Przejdź do treści
Źródło artykułu

Rosyjskie bombowce wystrzeliły na cele w Syrii 34 pociski manewrujące

W ramach ataków na pozycje Państwa Islamskiego w Syrii rosyjskie bombowce strategiczne Tu-22M3, Tu-160 i Tu-95MS wystrzeliły 34 pociski manewrujące na cele w prowincjach Aleppo i Idlib - oświadczył we wtorek minister obrony Rosji Siergiej Szojgu.

Powołując się na przedstawiciela Pentagonu agencja Reutera poinformowała wcześniej tego samego dnia, że Rosja wykorzystała bombowce strategiczne i pociski manewrujące woda-ziemia do atakowania wybranych celów w Syrii. Waszyngton został o tym powiadomiony przez rosyjskie władze.

Reuters podkreśla, że amerykańskie ministerstwo obrony dostało w tej sprawie oficjalną notę od Rosjan. Ma to związek z podpisanymi przez obie strony protokołami dotyczącymi bezpieczeństwa w powietrzu. Rozmówca Reutera dodał, że jednym z celów bombardowań miało być uznawane za stolicę Państwa Islamskiego (IS) miasto Ar-Rakka w prowincji o tej samej nazwie.

O atakach z wykorzystaniem pocisków manewrujących na Rakkę informowały wcześniej tego dnia także światowe media.
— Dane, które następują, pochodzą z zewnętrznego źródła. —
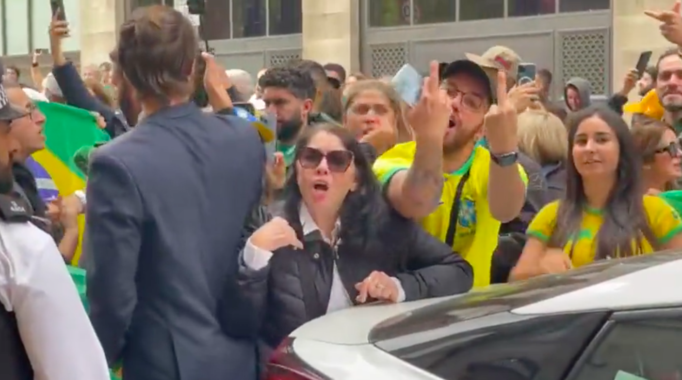 O presidente, candidato à reeleição, foi recebido por brasileiros apoiadores no país quando cerca de dez ambientalistas, com cartazes que acusavam Bolsonaro de “eco-criminoso”, passaram a protestar. A polícia então cercou os manifestantes que eram xingados por bolsonaristas que gritaram frases contra o ex-presidente Luiz Inácio Lula da Silva.

Według francuskiego dziennika "Le Monde" pociski wystrzelono we wtorek rano z rosyjskich okrętów znajdujących się na Morzu Śródziemnym. Dziennik pisze, że pociski manewrujące przeleciały nad terytorium Turcji.

Rosyjska agencja RBK podała, że pociski manewrujące woda-ziemia Kalibr zostały odpalone z okrętu podwodnego. Powołując się na źródło w Ministerstwie Obrony Rosji agencja przekazała, że wystrzelił je konwencjonalny okręt podwodny "Rostow-na-Donu", płynący z rejonu operowania Floty Północnej do Noworosyjska nad Morzem Czarnym. Źródło RBK podkreśliło, że był to pierwszy w historii Rosji atak pociskami manewrującymi z okrętu podwodnego na pozycje realnego przeciwnika.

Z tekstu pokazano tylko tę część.